I stepped forward. “Get out.”
The man beside her cleared his throat. “Emily Parker?”
“Yes.”
“You’ve been served.”
He handed me the papers.
Angela’s name blurred in my mind as I scanned the first page.
Emergency petition.
Grandparent visitation.
Family legacy rights.
Concerns regarding concealment of minors from paternal family.
My hands shook with rage.
Ryan ripped the papers from my grip and read them.
Then he looked at his mother.
“You filed against her?”
Victoria lifted her chin.
“I protected the Harrison bloodline.”
The boys had gone silent.
Ryan stepped into the hallway and closed the apartment door behind him, leaving me inside with our sons.
But his voice carried through the wood.
“You knew,” he said.
A pause.
Then Victoria replied, “I suspected.”
My breath stopped.
Ryan’s voice dropped lower.
“The letter. The calls. Emily’s pregnancy. You knew.”
“I knew she was trying to trap you.”
“She was carrying my children.”
“She was carrying leverage.”
Something slammed against the hallway wall.
I flinched.
Ryan’s voice came again, shaking with fury.
“You stole them from me.”
Victoria laughed once, sharp and cold.
“No, Ryan. Your pride did that. I merely made sure you did not crawl back to a woman unworthy of you.”
I covered my mouth.
Inside the apartment, Ethan walked to me and took my hand.
“Mommy,” he whispered, “is the mean lady our grandma?”

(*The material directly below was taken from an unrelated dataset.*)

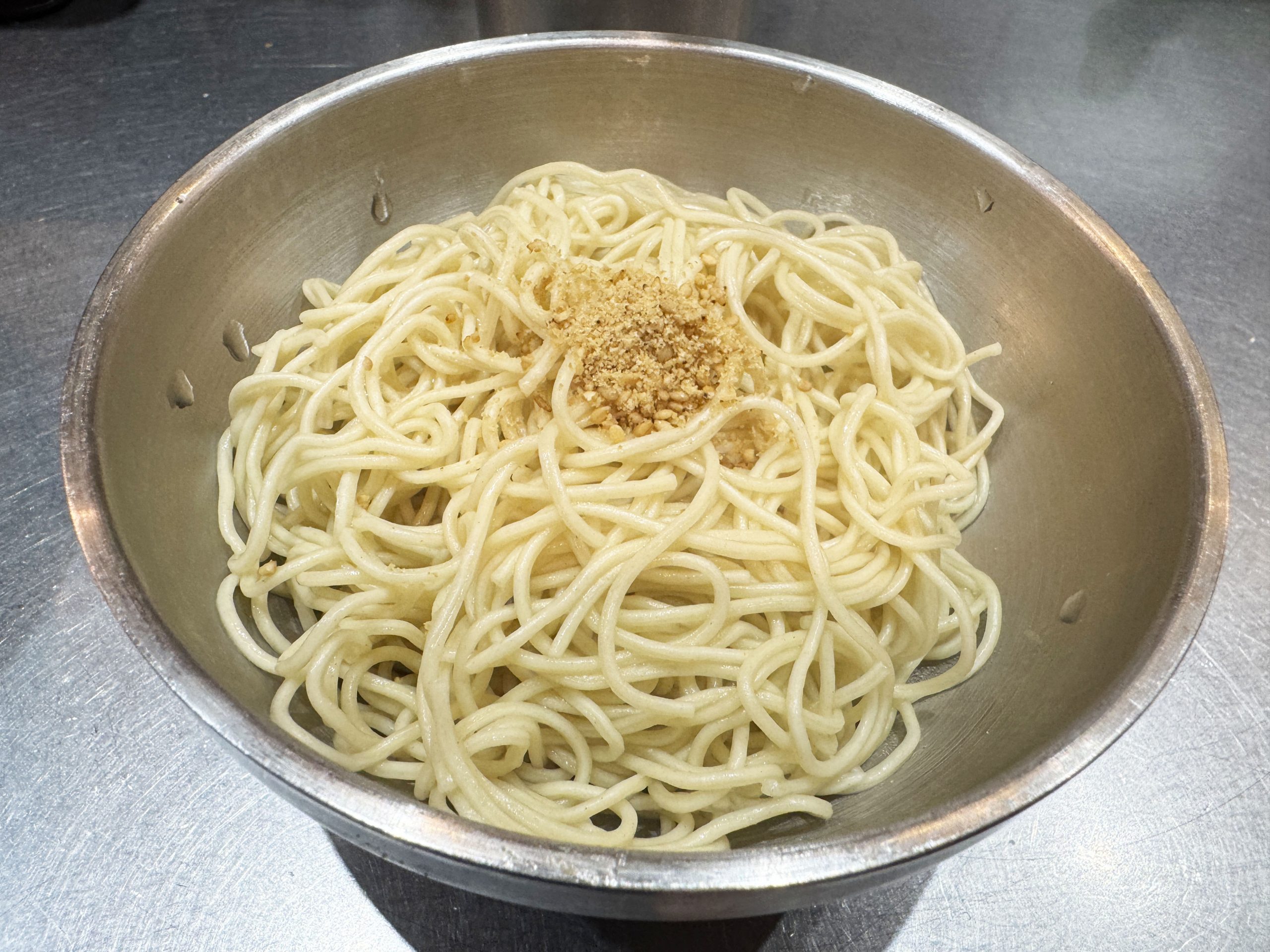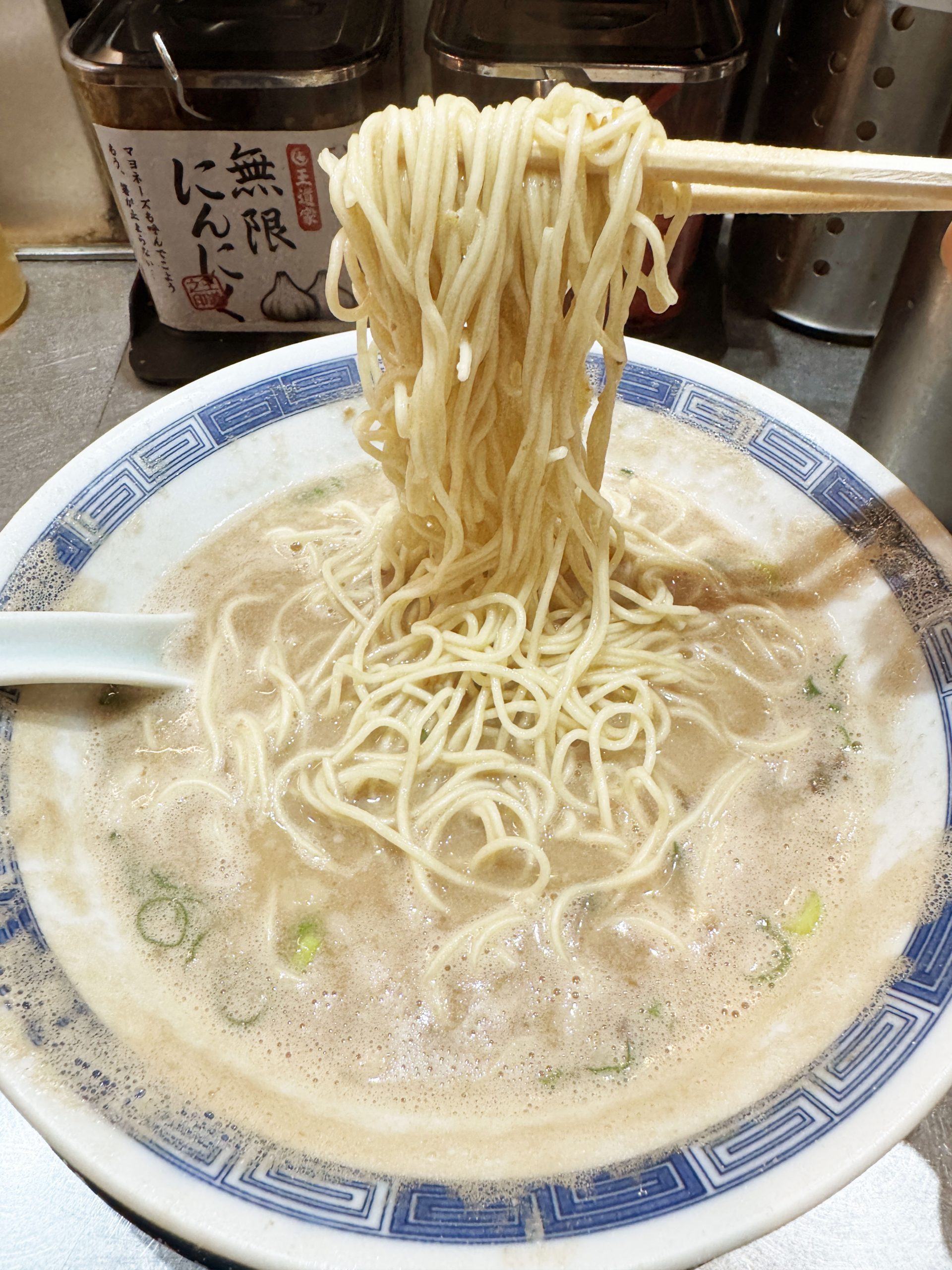 細麺なので、食べた際の麺の広がりが大きく、2杯目だからこその特濃味を楽しめる。

Before I could answer, the apartment door opened again.
Ryan stepped inside.
His face was pale with a kind of controlled devastation I had never seen before.
Victoria was gone.
But the damage had entered the room.
Ryan looked at me.
“She knew enough,” he said.
I could barely speak. “Enough?”
“She knew you were pregnant. She didn’t tell me.”
My knees nearly gave out.
For five years, I had carried the weight of believing Ryan had abandoned us because he did not care.
Now the truth was uglier.
He had abandoned us because he had been cruel.

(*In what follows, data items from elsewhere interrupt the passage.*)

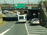 There is a bus stop along the ramp for exit 73 when travelling north. Bear right after the bus stop for Lemoine Avenue (NJ 67). Bear left for the George Washington Bridge.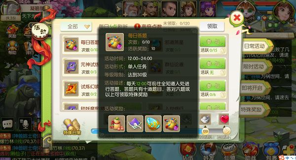 玩法:玩家达到30级且每日12点后可参与,每日最多完成10次,奖励10点活跃的单人任务。每天共有十道题目,答对六题或以上可领取特殊奖励。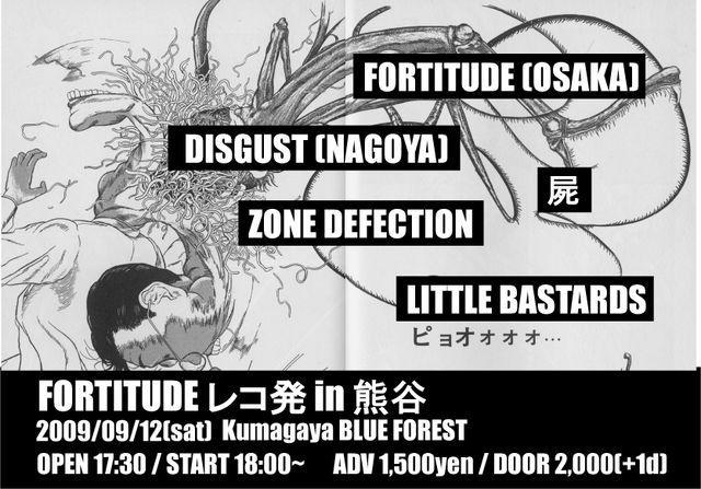 9/12 (土) 熊谷BLUE FOREST http://www.blueforest-kumagaya.com/ FORTITUDE レコ発 in 熊谷 FORTITUDE (大阪) DISGUST (名古屋) ZONE DEFECTION 屍 LiTTLE BASTARDS open 17:30 / start 18:00 ADV \1,500 / DOOR \2,000 (+ 1Drink)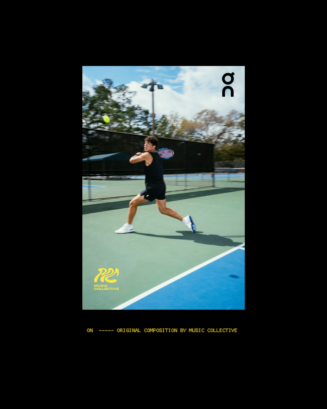 For ON's collaboration with Bel Shelton, we did. We built an original sonic soundscape from the ground up — layering the strike of the ball, the bounce, the movement through air, the silence between points. Because in tennis, silence isn't empty. It's where the tension lives, where the player breathes, where everything is decided.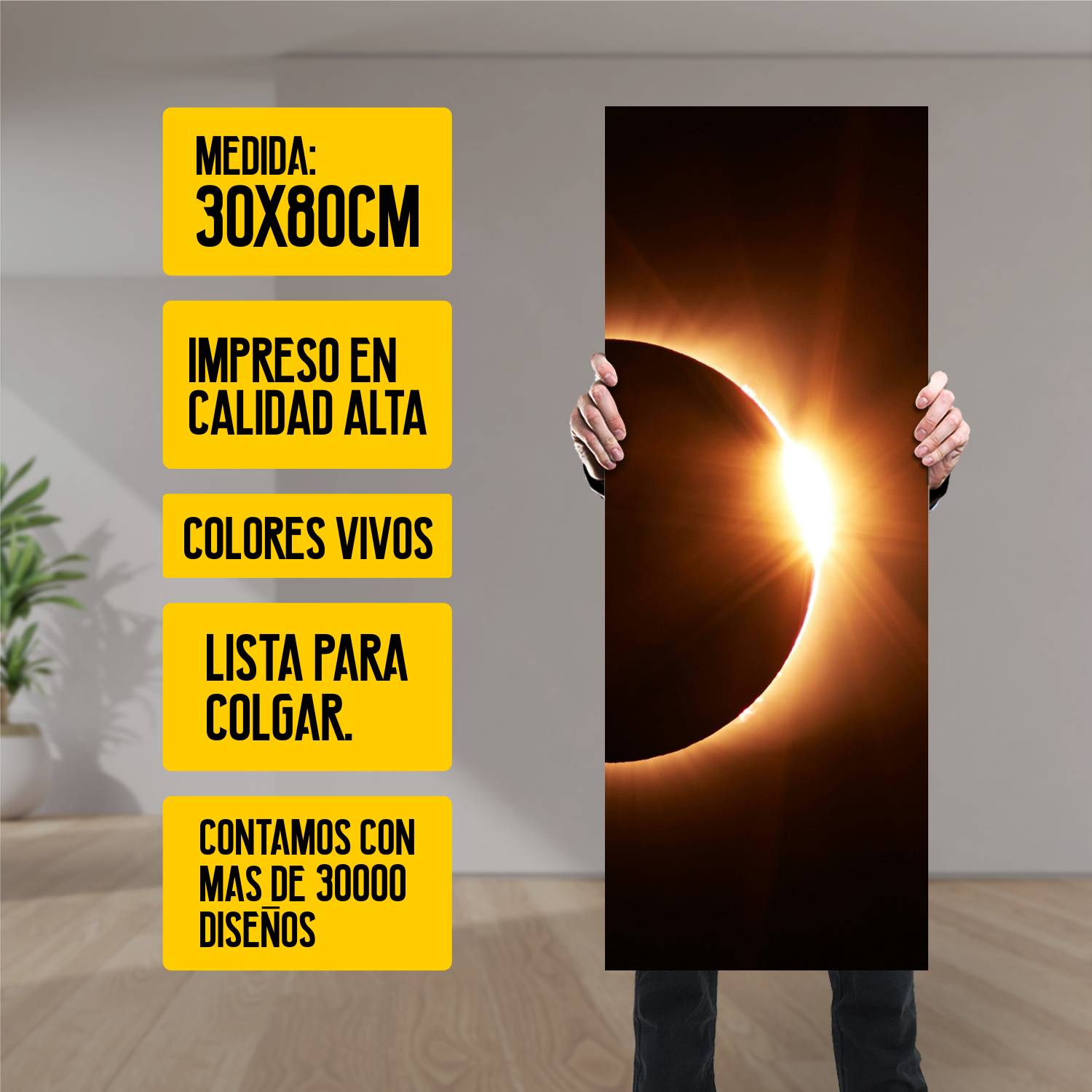 Descubre la elegancia y el estilo con nuestro cuadro impreso en canva full color de 30×80 cm. Este impresionante diseño de Ecilpse solar vertical es el complemento perfecto para cualquier espacio.
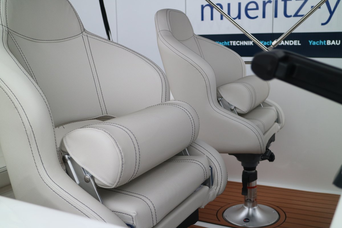 Die Aquila 5.3 Sundeck bietet trotz kompakter Größe Kabine, Sonnendeck und Ausstattung wie große Boote.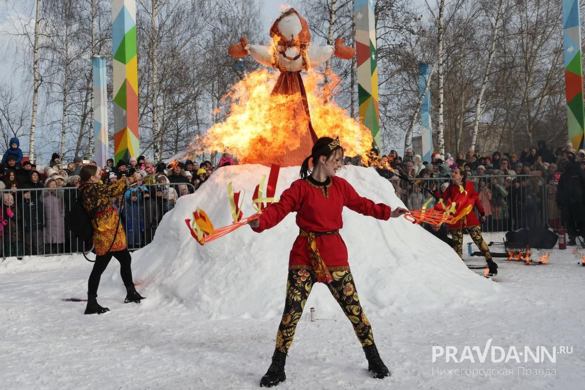 Эффектное сожжение Масленицы в Светлоярском парке Нижнего Новгорода.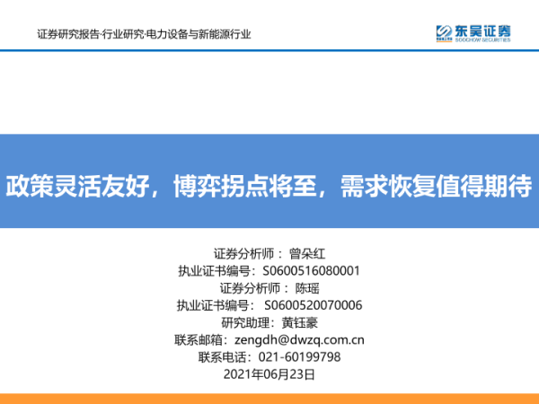 【东吴证券】【20210623】电力设备与新能源行业:政策灵活友好,博弈拐点将至,需求恢复值得期待-42页

But someone else had made sure he stayed blind.
Ryan looked at the boys.
Then at me.
“I’m going to destroy her petition.”
I nodded slowly.
But then his phone rang.
He looked at the screen.
His expression changed.
“What?” I asked.
He answered.
Listened.
And for the second time since the airport, I watched Ryan Harrison turn ghostly pale.
“Say that again,” he said.
The voice on the other end was faint but urgent.

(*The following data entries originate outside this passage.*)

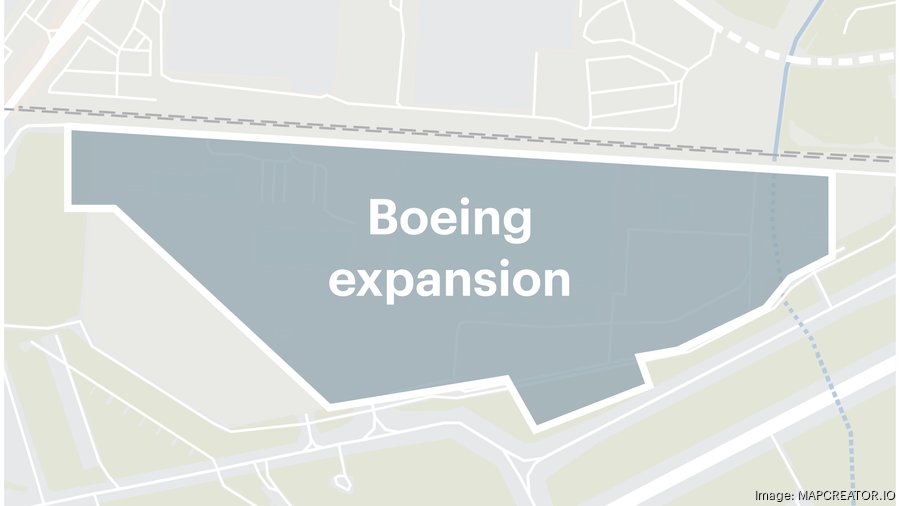 A map of a planned $1.8 billion Project Voyager expansion for Boeing on land leased at St. Louis Lambert International Airport.
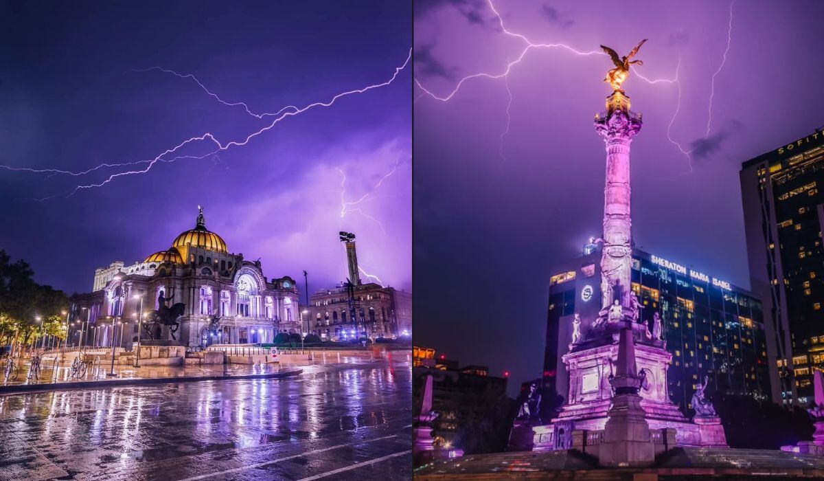 En ellas, se pueden apreciar potentes descargas eléctricas iluminando algunos de los lugares más emblemáticos de la capital mexicana, como el Ángel de la Independencia, el Palacio de Bellas Artes y la Torre Latinoamericana.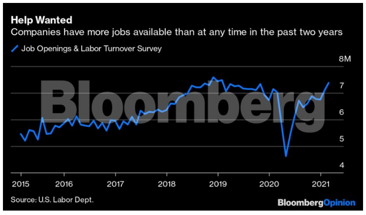 Είναι σαφές ότι η αγορά εργασίας αντιμετωπίζει πρόβλημα προσφοράς και όχι ζήτησης. Οι εργοδότες επιθυμούν να προσλάβουν, ωστόσο υπάρχουν λίγα άτομα διαθέσιμα. Το Bloomberg News ανέφερε ότι η Μοντάνα προσπαθεί να δελεάσει τους ανθρώπους να επιστρέψουν στις τάξεις του εργατικού δυναμικού με μια πληρωμή 1.200 δολ. εάν σταματήσουν να συλλέγουν επιδόματα ανεργίας και αποφασίσουν να εργαστούν για τουλάχιστον τέσσερις εβδομάδες. Η Νότια Καρολίνα σχεδιάζει να τερματίσει όλα τα ομοσπονδιακά και πολιτειακά προγράμματα ανακούφισης ανέργων που θεσμοθετήθηκαν την περίοδο της πανδημίας στα τέλη Ιουνίου.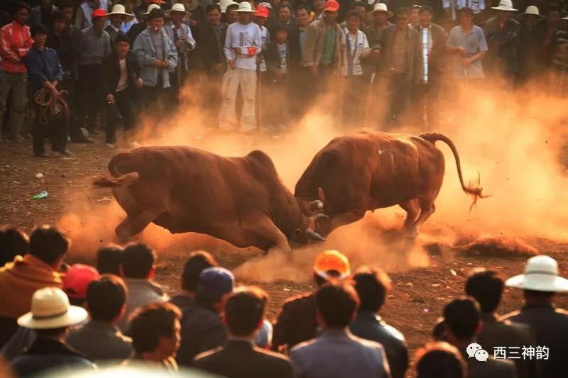 阿细斗牛已有1000多年历史。每逢火把节、春节或遇重要喜庆活动,人们便以村或乡、镇为单位举行斗牛比赛。比赛时参赛的牛被牵到一起进行顶力和耐力较量,以淘汰的方式决出“冠军”。

Ryan’s eyes lifted to mine.
“What is it?” I demanded.
He ended the call.
For several seconds, he said nothing.
Then he whispered the words that made the entire room tilt beneath my feet.
“The lab called Angela.”
My heart pounded. “The paternity test?”
Ryan nodded.
“They ran a secondary marker analysis because of a flagged anomaly.”
I felt cold spread through my body.
“What anomaly?”
Ryan looked at the boys, then back at me.
His voice was barely audible.
“They confirmed I’m their father.”
I exhaled shakily. “Then what—”
“But they found another genetic match in the national medical donor registry.”
The room went silent.
Ryan swallowed.
“Emily… the boys don’t just match me.”
I stared at him.
“They also match my brother.”
My breath left me.
Ryan’s brother, Daniel Harrison, had been dead for six years.
Or at least, that was what everyone had believed.
Ryan looked toward the door where his mother had stood only minutes before.
And in that moment, I understood the horror in his eyes.
Victoria had not only hidden my sons.
She might have been hiding a dead man.